◆ **Problem**: Every line below that contains the word "Elegant" must be copied.

══════

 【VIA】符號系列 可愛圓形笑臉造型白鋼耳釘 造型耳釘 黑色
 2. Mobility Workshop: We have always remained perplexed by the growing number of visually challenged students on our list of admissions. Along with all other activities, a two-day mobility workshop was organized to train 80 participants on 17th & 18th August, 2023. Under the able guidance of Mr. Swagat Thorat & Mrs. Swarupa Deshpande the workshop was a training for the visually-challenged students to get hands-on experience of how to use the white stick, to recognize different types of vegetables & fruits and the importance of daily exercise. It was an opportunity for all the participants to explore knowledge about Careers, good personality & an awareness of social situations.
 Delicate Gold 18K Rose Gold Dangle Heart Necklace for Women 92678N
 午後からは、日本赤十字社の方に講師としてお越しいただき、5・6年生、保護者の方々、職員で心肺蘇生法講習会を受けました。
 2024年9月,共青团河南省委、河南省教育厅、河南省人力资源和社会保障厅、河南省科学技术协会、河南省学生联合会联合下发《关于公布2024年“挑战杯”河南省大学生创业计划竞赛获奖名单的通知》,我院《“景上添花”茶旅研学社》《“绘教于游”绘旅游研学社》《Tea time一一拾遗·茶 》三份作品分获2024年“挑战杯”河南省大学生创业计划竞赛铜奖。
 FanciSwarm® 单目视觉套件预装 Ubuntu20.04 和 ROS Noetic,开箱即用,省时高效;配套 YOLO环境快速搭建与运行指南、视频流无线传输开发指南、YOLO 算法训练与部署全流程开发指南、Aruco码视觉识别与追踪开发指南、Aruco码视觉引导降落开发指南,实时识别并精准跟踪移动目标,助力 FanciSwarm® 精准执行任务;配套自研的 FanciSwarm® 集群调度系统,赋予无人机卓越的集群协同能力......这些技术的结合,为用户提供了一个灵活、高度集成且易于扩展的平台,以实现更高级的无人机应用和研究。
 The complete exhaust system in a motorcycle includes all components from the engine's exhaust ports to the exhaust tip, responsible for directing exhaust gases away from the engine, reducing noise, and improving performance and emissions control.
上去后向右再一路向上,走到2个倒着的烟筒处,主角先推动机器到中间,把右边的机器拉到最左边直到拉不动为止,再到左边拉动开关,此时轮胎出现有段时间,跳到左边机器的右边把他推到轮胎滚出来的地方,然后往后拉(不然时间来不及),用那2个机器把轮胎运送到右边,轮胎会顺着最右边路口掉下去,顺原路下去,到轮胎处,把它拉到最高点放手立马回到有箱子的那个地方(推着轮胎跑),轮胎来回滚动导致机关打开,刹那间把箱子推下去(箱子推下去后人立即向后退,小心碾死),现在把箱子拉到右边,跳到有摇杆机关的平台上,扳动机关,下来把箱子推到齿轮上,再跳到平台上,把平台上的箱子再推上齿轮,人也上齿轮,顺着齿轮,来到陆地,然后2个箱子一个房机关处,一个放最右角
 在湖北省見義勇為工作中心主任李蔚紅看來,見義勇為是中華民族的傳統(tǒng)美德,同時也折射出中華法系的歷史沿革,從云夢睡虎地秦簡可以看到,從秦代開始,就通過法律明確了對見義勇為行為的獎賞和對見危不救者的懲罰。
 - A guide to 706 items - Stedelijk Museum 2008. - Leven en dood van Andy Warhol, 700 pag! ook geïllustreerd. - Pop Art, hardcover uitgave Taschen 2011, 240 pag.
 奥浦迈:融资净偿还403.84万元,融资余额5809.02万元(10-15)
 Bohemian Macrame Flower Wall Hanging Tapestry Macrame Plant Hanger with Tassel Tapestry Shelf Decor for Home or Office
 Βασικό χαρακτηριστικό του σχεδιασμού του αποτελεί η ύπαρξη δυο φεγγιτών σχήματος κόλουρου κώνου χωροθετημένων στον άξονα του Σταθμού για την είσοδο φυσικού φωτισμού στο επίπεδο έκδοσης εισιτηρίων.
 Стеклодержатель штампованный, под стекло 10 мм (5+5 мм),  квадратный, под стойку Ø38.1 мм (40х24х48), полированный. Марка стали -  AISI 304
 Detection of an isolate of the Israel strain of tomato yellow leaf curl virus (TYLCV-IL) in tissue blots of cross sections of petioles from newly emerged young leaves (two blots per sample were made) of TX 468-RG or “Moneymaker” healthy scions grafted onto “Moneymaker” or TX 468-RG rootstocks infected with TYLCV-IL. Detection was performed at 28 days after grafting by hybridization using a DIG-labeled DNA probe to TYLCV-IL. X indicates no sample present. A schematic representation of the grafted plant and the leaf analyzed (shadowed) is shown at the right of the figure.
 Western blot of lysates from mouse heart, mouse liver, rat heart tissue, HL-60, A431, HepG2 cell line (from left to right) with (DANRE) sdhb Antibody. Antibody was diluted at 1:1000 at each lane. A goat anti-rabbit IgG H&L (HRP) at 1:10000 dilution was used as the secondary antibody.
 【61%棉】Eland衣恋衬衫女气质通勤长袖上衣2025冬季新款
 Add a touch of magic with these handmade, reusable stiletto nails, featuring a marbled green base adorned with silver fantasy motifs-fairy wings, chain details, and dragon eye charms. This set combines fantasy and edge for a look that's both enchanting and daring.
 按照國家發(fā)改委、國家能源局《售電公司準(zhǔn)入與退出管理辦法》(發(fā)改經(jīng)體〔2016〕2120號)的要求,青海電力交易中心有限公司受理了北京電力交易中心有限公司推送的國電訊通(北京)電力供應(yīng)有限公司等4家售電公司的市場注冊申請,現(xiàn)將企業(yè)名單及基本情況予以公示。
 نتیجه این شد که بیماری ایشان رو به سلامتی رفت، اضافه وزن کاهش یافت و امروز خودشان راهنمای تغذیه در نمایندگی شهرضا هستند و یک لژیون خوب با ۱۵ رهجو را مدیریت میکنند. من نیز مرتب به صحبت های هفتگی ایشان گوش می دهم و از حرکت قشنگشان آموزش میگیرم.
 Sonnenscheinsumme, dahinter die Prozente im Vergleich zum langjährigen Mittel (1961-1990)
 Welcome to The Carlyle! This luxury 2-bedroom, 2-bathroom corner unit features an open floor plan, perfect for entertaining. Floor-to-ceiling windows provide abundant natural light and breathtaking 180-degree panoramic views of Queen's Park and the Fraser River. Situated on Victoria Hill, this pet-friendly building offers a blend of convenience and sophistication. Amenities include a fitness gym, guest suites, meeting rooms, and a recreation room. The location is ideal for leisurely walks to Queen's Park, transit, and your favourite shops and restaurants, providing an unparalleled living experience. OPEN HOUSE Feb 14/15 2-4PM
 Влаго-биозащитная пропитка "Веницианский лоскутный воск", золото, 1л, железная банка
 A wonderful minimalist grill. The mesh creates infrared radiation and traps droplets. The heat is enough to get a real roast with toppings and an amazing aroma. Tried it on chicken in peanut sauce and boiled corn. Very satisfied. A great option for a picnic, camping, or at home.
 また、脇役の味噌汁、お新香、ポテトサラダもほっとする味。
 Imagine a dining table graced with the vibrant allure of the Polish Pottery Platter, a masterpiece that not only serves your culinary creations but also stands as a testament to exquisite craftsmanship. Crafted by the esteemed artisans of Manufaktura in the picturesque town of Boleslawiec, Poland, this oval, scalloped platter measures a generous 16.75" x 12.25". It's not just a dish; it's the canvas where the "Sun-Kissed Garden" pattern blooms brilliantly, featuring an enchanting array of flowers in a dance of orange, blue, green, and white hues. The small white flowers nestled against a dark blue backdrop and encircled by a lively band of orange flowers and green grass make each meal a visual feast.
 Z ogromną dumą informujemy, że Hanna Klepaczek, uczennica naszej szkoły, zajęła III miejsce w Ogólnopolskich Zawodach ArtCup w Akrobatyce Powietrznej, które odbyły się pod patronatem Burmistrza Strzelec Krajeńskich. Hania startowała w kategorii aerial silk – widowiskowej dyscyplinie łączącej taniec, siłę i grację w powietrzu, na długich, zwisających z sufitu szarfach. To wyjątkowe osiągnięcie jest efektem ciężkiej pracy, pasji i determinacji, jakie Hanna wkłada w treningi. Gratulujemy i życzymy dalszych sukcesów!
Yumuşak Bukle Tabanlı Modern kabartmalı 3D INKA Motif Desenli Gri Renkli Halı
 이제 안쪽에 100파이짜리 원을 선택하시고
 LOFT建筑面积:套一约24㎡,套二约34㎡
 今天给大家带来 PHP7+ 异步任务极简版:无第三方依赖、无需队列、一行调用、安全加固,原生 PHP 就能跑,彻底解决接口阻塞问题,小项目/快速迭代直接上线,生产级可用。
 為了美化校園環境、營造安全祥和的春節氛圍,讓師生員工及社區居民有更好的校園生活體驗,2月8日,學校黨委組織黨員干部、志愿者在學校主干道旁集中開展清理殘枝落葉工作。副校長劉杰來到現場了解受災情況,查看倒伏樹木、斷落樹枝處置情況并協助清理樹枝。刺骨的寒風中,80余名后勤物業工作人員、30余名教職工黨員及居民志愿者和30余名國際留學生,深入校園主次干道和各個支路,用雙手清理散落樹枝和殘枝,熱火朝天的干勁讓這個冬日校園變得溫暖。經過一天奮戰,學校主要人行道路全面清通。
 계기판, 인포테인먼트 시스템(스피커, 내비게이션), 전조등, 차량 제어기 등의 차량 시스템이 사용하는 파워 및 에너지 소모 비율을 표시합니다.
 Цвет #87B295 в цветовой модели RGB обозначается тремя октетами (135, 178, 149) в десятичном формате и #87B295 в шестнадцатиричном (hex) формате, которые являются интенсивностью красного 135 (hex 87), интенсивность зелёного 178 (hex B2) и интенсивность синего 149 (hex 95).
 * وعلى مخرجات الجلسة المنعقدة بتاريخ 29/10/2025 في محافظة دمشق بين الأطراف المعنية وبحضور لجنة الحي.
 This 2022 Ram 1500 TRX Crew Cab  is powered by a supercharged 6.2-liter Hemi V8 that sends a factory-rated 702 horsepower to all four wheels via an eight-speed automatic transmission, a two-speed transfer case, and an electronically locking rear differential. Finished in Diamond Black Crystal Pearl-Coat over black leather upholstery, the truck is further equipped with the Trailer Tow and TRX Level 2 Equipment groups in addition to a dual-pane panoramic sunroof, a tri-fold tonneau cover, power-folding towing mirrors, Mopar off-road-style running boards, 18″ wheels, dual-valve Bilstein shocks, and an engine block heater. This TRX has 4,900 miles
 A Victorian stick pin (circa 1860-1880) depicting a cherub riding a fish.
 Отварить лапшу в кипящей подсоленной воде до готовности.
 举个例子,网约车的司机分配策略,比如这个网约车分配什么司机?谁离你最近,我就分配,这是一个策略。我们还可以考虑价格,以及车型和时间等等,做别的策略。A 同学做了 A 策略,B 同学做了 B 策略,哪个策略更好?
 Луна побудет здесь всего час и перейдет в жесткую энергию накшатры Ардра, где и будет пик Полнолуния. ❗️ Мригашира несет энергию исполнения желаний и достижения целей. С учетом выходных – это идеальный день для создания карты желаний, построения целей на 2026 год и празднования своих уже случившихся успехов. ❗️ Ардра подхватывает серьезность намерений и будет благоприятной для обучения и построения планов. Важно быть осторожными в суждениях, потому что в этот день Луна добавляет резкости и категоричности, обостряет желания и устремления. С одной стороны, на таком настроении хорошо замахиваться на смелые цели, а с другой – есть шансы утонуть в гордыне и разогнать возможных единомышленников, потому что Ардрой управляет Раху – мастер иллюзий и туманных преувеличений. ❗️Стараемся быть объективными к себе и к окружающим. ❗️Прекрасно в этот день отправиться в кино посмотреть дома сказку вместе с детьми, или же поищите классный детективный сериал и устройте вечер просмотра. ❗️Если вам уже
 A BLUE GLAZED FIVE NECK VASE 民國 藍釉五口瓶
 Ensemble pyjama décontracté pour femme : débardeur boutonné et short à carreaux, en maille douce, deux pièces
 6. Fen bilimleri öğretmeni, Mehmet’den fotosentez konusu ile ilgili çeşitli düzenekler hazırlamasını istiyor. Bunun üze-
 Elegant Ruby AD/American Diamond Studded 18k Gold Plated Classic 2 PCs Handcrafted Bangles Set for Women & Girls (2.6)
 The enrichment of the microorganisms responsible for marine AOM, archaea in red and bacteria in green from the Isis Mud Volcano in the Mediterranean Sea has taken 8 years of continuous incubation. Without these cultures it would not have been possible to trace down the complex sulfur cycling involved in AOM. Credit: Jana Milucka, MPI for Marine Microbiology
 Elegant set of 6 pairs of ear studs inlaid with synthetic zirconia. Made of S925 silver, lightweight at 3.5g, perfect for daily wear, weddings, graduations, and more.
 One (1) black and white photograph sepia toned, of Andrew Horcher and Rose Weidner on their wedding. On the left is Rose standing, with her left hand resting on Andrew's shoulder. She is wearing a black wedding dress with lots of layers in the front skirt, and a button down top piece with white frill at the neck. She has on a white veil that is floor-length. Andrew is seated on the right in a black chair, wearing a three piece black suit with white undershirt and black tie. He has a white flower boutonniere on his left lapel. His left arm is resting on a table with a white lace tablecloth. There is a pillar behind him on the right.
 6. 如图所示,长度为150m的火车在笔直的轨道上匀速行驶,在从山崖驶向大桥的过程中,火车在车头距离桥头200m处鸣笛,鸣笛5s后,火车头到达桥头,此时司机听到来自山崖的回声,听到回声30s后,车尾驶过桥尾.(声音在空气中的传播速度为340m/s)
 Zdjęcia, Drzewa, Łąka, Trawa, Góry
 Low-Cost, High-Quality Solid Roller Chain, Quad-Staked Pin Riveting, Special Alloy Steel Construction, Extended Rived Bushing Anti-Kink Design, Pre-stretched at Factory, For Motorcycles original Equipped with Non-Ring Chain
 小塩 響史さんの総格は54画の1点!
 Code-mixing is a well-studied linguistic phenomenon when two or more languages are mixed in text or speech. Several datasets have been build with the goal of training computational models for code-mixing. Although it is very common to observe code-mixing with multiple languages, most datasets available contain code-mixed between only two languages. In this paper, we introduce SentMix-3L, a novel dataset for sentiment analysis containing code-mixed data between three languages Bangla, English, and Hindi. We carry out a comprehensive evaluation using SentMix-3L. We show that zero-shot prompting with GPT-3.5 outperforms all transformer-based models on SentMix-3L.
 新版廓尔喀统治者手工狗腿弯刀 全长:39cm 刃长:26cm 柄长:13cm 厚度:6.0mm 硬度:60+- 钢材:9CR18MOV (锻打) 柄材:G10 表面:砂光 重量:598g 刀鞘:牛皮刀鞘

══════

◆ **Task output**:
 Elegant Ruby AD/American Diamond Studded 18k Gold Plated Classic 2 PCs Handcrafted Bangles Set for Women & Girls (2.6)
 Elegant set of 6 pairs of ear studs inlaid with synthetic zirconia. Made of S925 silver, lightweight at 3.5g, perfect for daily wear, weddings, graduations, and more.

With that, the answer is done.